Le “double blanc” des Beatles est-il l’album de l’année 1998 ? Et 2028 ? Et 2058 ? Et 2088 ?Cette année, j’ai eu 30 ans. C’était le 22 novembre. Le même jour, on a soufflé les trente bougies de The Beatles, que je considère aujourd’hui comme un frère, un jumeau enlevé à la naissance par […]
Le « double blanc » des Beatles est-il l’album de l’année 1998 ? Et 2028 ? Et 2058 ? Et 2088 ?
Cette année, j’ai eu 30 ans. C’était le 22 novembre. Le même jour, on a soufflé les trente bougies de The Beatles, que je considère aujourd’hui comme un frère, un jumeau enlevé à la naissance par les comprachicos hypothèse hugolienne et retrouvé quelques années plus tard sur la platine d’un ami (j’ai un peu honte, je n’ai découvert les Beatles qu’à l’âge de 22 ans).
The Beatles, pour détourner la citation d’André Malraux, c’est ce qui reste quand on a tout oublié. En matière de pop, avec l’habitude, il devient difficile de s’enthousiasmer pour toute nouvelle création. Difficile de taper du pied en écoutant Garbage, abusif de crier au génie en allant voir Hole et impossible de ne pas distinguer le pillage en règle de trente ans de patrimoine rock (Lennon, Bowie, Kinks, etc.) laborieusement camouflé derrière des PME du type Oasis, Suede ou Blur. On voudrait bien s’abreuver de sang neuf, mais force est de constater qu’à quelques rares exceptions il faut se contenter au mieux d’émulation inspirée et au pire de plagiat cynique, avec dans les deux cas un pari misant sur l’amnésie présumée de l’auditeur.
Ce qui m’amène à parler du « double blanc ». En trente chansons, les quatre de Liverpool ont élevé la pop, non pas au rang de musique classique comme l’a affirmé cet abruti de Poivre d’Arvor, mais à celui de champ expérimental, de terrain de jeux (miné) où tout était permis. Tour à tour dorlotées (Good night, Martha my dear), passées à tabac (Helter skelter, Yer blues), traînées à la garderie (Bungalow bill, Piggies) ou dans la gadoue (Sexy Sadie, I’m so tired), plongées le nez dans les drogues (Happiness is a warm gun, Wild honey pie) ou tout simplement mises à nu (Julia, I will), les mélodies subissent un traitement de choc. Avec The Beatles, le groupe se met plus d’une fois en danger : il fallait un certain courage pour démolir cette image de boys’ band avant la lettre imaginée par Brian Epstein, parler sans détour du problème d’héroïne de Lennon (Happiness…, Me and my monkey), dédier un titre au chien de McCartney (Martha my dear), graver dix minutes de vide intégral (Revolution 9), ou laisser chanter Ringo Starr (Don’t pass me by).

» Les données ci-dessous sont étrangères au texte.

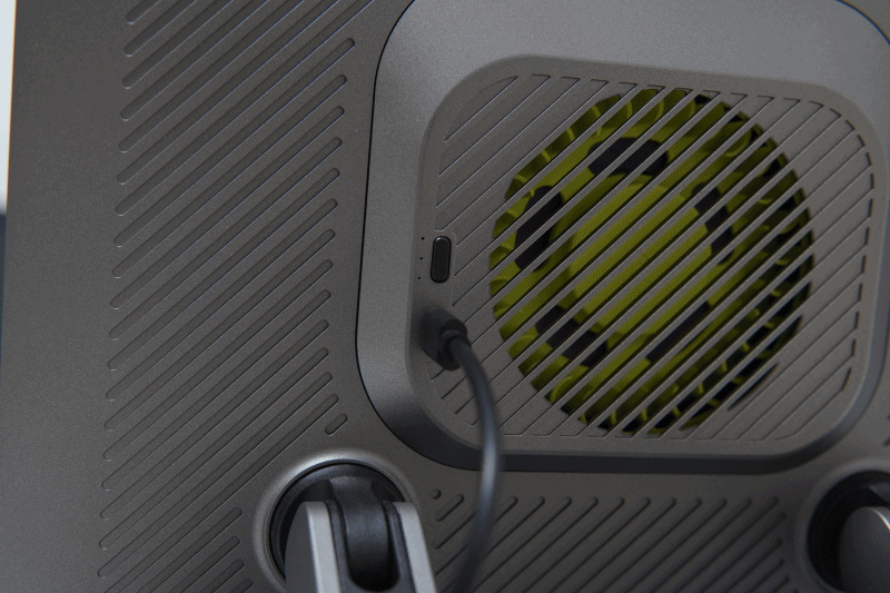 바닥 부분에는 USB Type-C 커넥터와 rpm을 조절할 수 있는 스위치가 있습니다. rpm 스위치는 한번 누를 때마다 off - 1단 - 2단 - 3단으로 동작하며 아랫부분의 LED를 통해서 현재 상태를 확인할 수 있습니다. 커넥터가 마이크로 5 핀이었다면 케이블을 연결할 때 방향 때문에 항상 확인을 해야 돼서 불편하겠지만 Type-C 커넥터는 방향에 관계없이 편리하게 장착할 수 있습니다. 스위치의 위치가 불편하지는 않았는데 아래쪽이나 측면도 좋을 거 같습니다.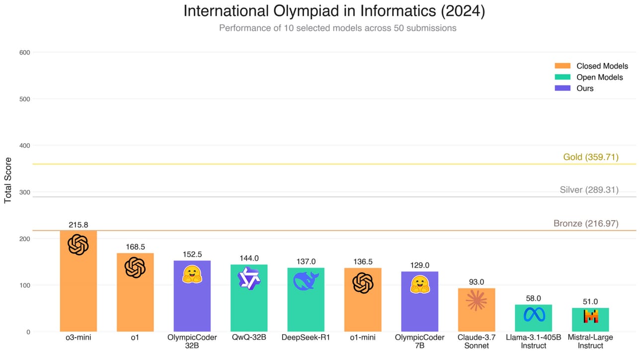 A HuggingFace team has released OlympicCoder 7B and 32B, which showcase borderline state-of-the-art (only behind ChatGPT) results when tested on last year’s International Olympiad in Informatics exam.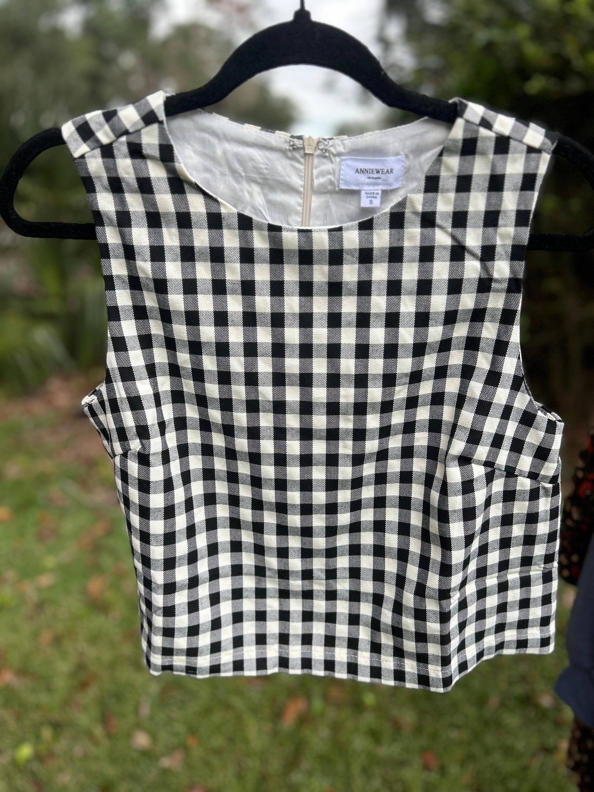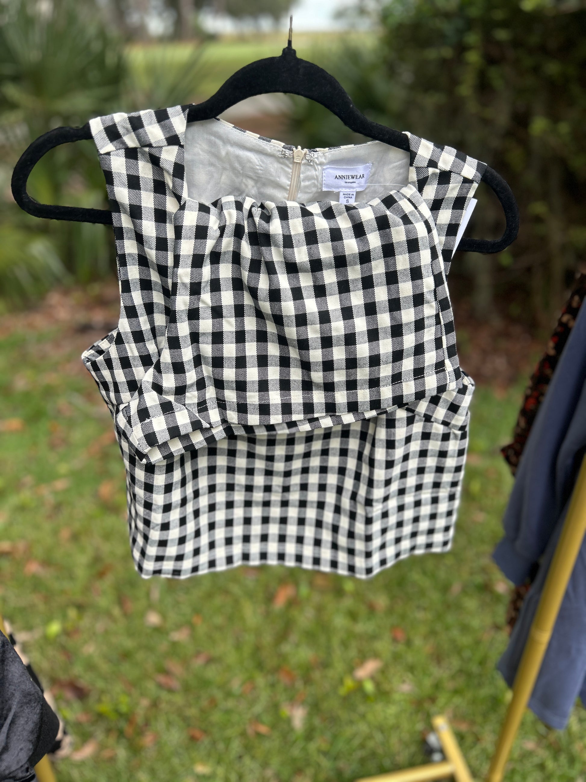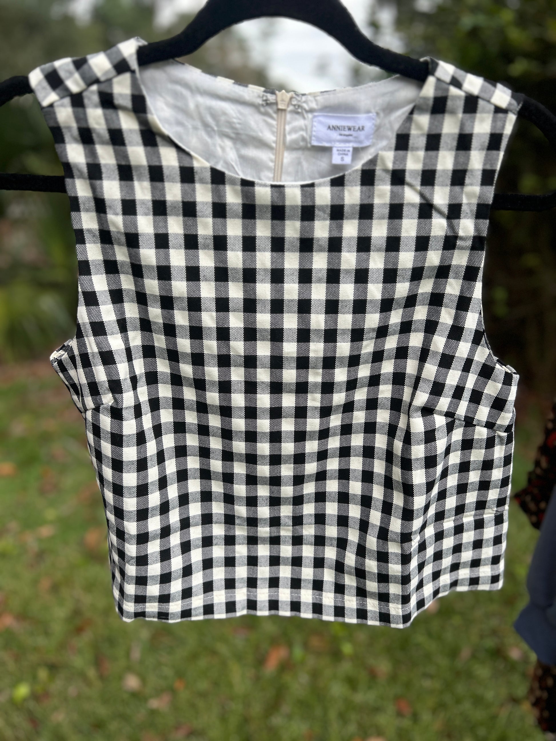 The Edie is a timeless duo with a playful twist! This two-piece set features a sleeveless top and matching shorts, both crafted from lightweight gingham check woven fabric in classic black and white. The top is designed with a round neckline for a clean, effortless silhouette, while the coordinated shorts complete the look with laid-back charm. Perfect for sunny days or layering in cooler temps, the Edie can be worn in a variety of ways.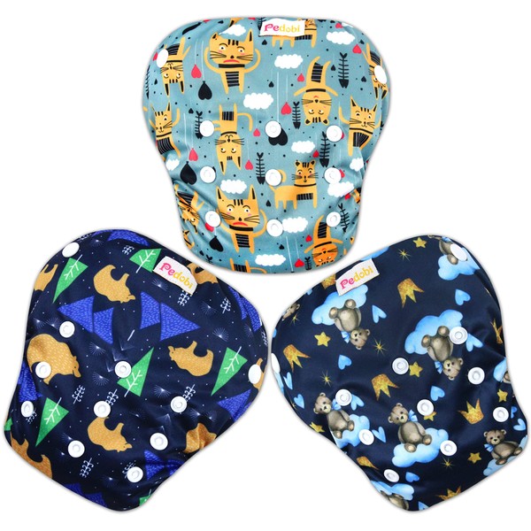 Pedobi Reusable Baby Swim Diapers, Adjustable Diaper Swim for Toddlers 9 Months - 3 Years Old, 3 Pack for Swimming Lessons (Bear, Large)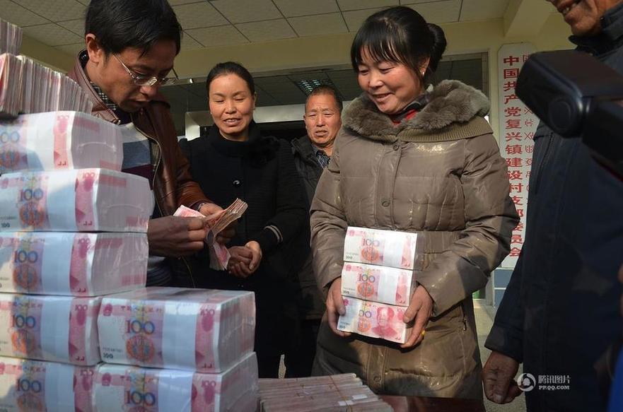 四川凉山州冕宁县复兴镇建设村村民,就盼来了他们的“年终奖”——村里种养殖合作社的分红,总金额1311.5万元。1月14日上午,凉山州冕宁县复兴镇建设村召开2013年分红大会,分红金额达1311.5万元。现场,重达312斤的人民币现金一捆捆整齐地放在台上,340余户入股村民排队领钱,最多的一户领到了30万元,最少的也有近万元。有村民说,数钱数到手都软了。(图/东方IC)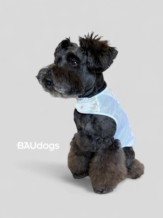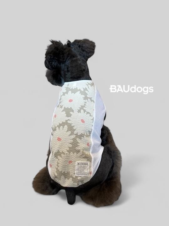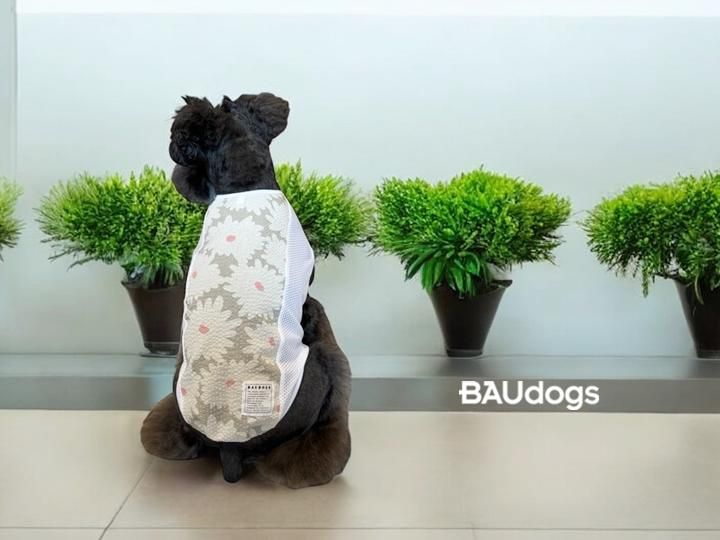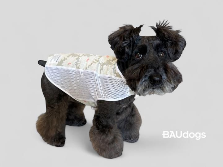 (B品)袖口の大きいタンクトップ UVカット素材×メッシュ シュナウザーモチーフプリント Mサイズ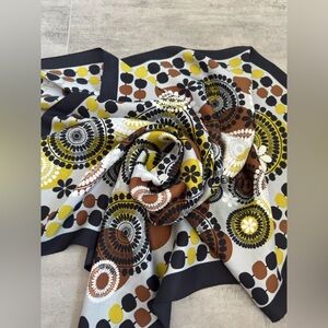 Lovely brand-new silk scarf! The color is described as "Cocoa Moss" and has a fun abstract circular pattern.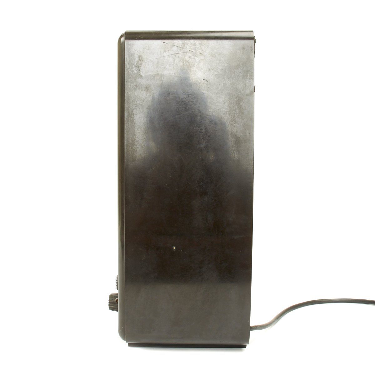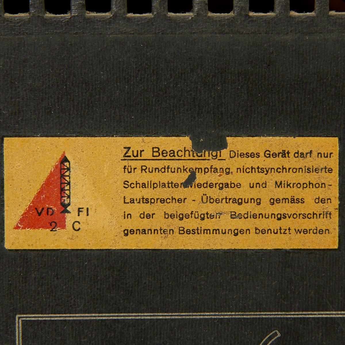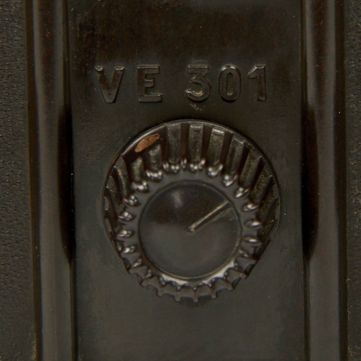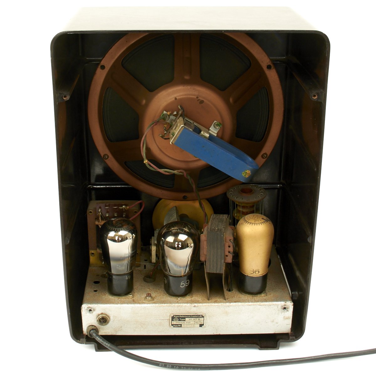 This excellent example appears to be complete and is wonderful condition. It even retains the original cord and plug, but we have not tested for fear of damaging it. The Bakelite case is in outstanding condition. The back panel of the radio is complete and totally legible. The vacuum tubes inside still show their shiny “getter flash” inside coating, indicating that the vacuum is still good. We however have no way of testing the tubes or radio for functionality. This is a rare chance to own an iconic piece of propaganda technology from AH’s Third Reich.

La critique, qui n’en rate jamais une, a dans le temps inventé une opposition absurde entre les gentils Beatles et les méchants Rolling Stones. Il faut reconnaître que ce sont Lennon et McCartney qui ont pris tous les risques et enregistré avec The Beatles le disque le plus radical de l’histoire de la pop. Aucun album simple ou double n’a égalé depuis la puissance du White album, même si survient de temps à autre un descendant putatif qui retrouve par instants l’intensité de son brillant aîné. Au jeu des filiations, on retiendra Loveless (My Bloody Valentine) pour le jusqu’au-boutisme, Ting (Nits) pour la nudité diaphane, ou encore Denim on ice pour ses audacieux mélanges.
Pour terminer, « on » les fans, essentiellement me demandera de justifier mon choix. La question est épineuse. A propos de Marnie, François Truffaut avait créé l’appellation de « grand film malade ». On la reprendra ici pour The Beatles, « grand disque malade » d’un groupe au sommet, et qu’en toute subjectivité on emportera sur une île déserte, de préférence à la pêche miraculeuse de Revolver, aux arabesques de Sgt Pepper ou à la pièce montée Abbey Road (on oublie l’anecdotique Let it be).
Je conclurai en répondant à tous ceux qui jugent has-been d’écouter les Beatles aujourd’hui ces gens-là existent que, si les Chemical Brothers pompent intégralement Tomorrow never knows sur Setting sun, ils ont certainement de bonnes raisons de le faire. Rendez-vous en 2028.